Während 100.000 Menschen wegen eines Vulkanausbruchs auf der indonesischen Ferieninsel Bali in Gefahr sind und ihre Häuser verlassen müssen, schießen sie Fotos. Im Bikini, mit Babybauch oder die Muskeln spielen lassend am Pool. Auf Instagram häufen sich die Bilder von Menschen, die vor dem aktiven Vulkan posieren und sich in Schale werfen. Besonders skurril wirken die Fotos, auf denen Menschen meditieren, während der Vulkan im Hintergrund Aschewolken ausspuckt. Nach einer Reihe von kleineren Eruptionen in den vergangenen Tagen gilt bis heute die Alarmstufe Rot.

Trotz der Warnungen ließen sich, wie ZDF berichtet, immer wieder Leute beobachten, die Selfies mit dem Vulkan im Hintergrund machten. Ein französischer Tourist sagte: "Das ist eine Gelegenheit, die man nur einmal im Leben bekommt. Also habe ich die Chance genutzt." Einige Tourist*innen sehen darin keine Katastrophe, sondern ihre Chance einen Once in a Lifetime-Shot zu ergattern.

Dieses Verhalten war bereits in der Vergangenheit zu beobachten.
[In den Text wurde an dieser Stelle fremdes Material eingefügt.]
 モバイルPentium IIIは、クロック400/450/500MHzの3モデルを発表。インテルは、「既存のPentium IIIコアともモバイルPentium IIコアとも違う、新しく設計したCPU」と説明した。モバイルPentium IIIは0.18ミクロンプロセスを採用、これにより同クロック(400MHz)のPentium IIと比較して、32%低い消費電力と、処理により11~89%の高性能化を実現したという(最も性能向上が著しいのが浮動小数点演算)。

Nicht umsonst führt der Duden mittlerweile den Begriff des Katastrophentourismus, was dieser als "das Anreisen Schaulustiger aus größeren Entfernungen bei Naturkatastrophen" beschreibt.
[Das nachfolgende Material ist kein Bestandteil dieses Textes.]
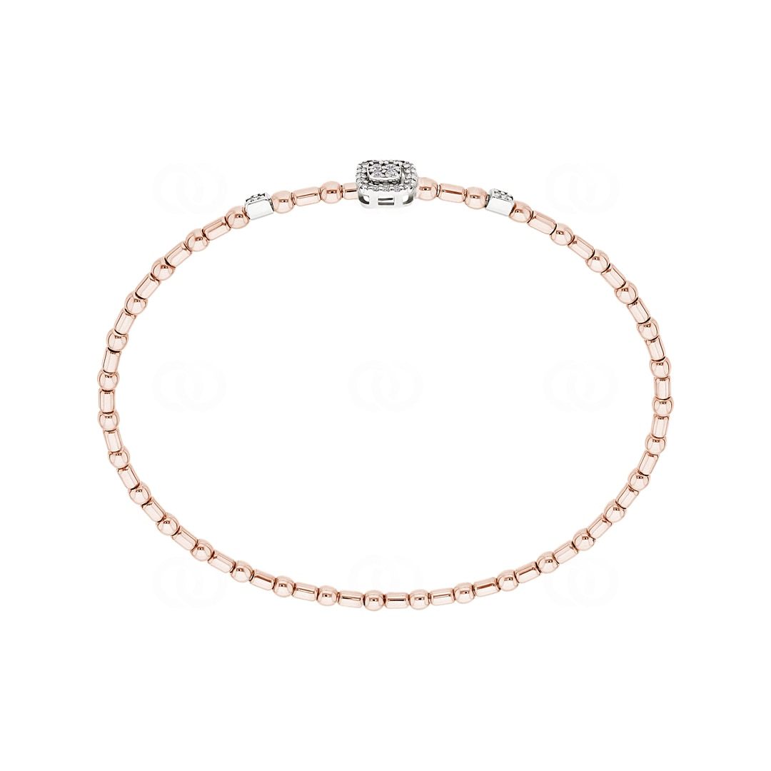 Entdecken Sie die harmonische Fusion aus Eleganz und Raffinesse mit unserem exquisiten Armreif aus 18 Karat Roségold. Dieses Kunstwerk der Juwelierkunst besticht durch seine vielfältigen Formen und die kunstvoll eingearbeiteten Elemente aus Weissgold an beiden Enden. Jedes dieser Elemente ist mit funkelnden Diamanten besetzt und dient gleichzeitig als innovativer Verschluss des Armreifs, der durch sein ineinandergreifendes Design perfekt geschlossen wird.

Katastrophentourismus im Alltag

Das Gepose rund um den Vulkan zeigt wieder einmal, wie egozentrisch die sozialen Plattformen sein können, auf denen wir uns bewegen. Sie handeln von einer Welt, die möglichst instagrammable sein soll. Ganze Gerichte werden nie gegessen, sondern nur fotografiert und wieder zurückgegeben. Oder eben Naturkatastrophen zur Selbstinszenierung genutzt – während andere Menschen ihr Leben oder Haus in Gefahr sehen.

Vom Vulkan auf Bali bis zum Matcha Chai Latte in Berlin – auf Instagram geht es doch nur um eins: möglichst viele Likes zu kassieren. Wie die Bilder zustande kommen und wie viel sie mit der Realität zu tun haben, wird dabei zweitrangig. Im Vordergrund stehen der perfekte Arsch, das Sixpack und ein Strahlelächeln. In dieser Welt sind alle schön, alle haben Geld und sind glücklich. Auch wenn hinter ihnen ein Vulkan ausbricht und Menschen deswegen evakuiert werden müssen. Die werden aber nicht gezeigt, dafür gibt's keine Likes.
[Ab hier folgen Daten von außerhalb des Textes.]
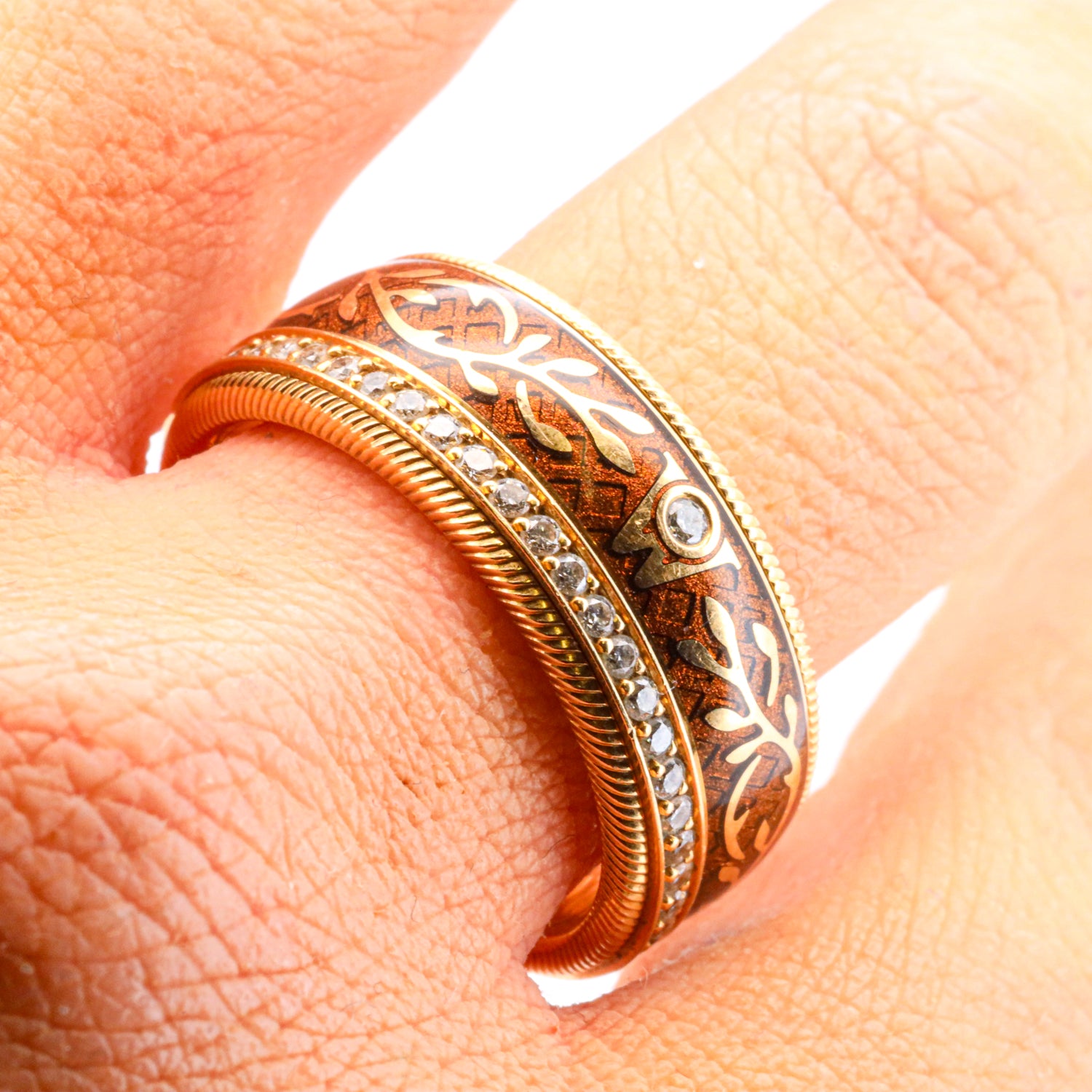 Dieser exklusive WELLENDORFF Ring „Karamel“ vereint höchste deutsche Goldschmiedekunst mit einem einzigartigen Design. Gefertigt aus edlem 18K/750 Gelbgold, beeindruckt der Ring durch seine warme, karamellfarbene Emaille, die ihm seinen charakteristischen Namen verleiht und für eine unverwechselbare Tiefe und Leuchtkraft sorgt.

Dieser Katastrophentourismus, oder auf Englisch Dark Tourism, ist an sich nichts Neues und wird in vielen Facetten angeboten: Seien es Touren zum Reaktor von Tschernobyl, zu Folterkammern auf mittelalterlichen Burgen, die Besichtigung des Ground Zeros, eine organisierte Reise in den umkämpften Irak oder zu den Killing Fields in Kambodscha – Leiden und Tod übten auf Menschen immer schon eine starke Faszination aus.

Neu ist aber, dass wir alle daran teilhaben. Durch soziale Medien wird offensichtlich, wie wenig manche Menschen reflektieren oder wissen. Hätten sich die Instagramer*innen auch nur eine Sekunde mit ihrer Kulisse auseinandergesetzt, hätten sie gewusst, dass beim letzten Ausbruch des Vulkans Gunung Agung mehr als 1.100 Menschen ums Leben kamen. Dass Indonesien mit seinen 17.000 Inseln direkt auf dem Pazifischen Feuerring liegt, wo verschiedene Platten der Erdkruste aufeinandertreffen und es darum oft zu Erdbeben und Eruptionen kommt, was bereits zahlreiche Menschen ihr Leben kostete. Und sie hätten erkannt, dass Fotos eines ausbrechenden Vulkans mit Hashtags wie #sohappyday #sleepingbeauty oder #fearless pietätlos und ziemlich fehl am Platz sind.

Aber so viel Wissen bräuchte es gar nicht. Die Antwort ist einfach: Eine Katastrophe ist niemals instagrammable. Punkt. Aus. Ende.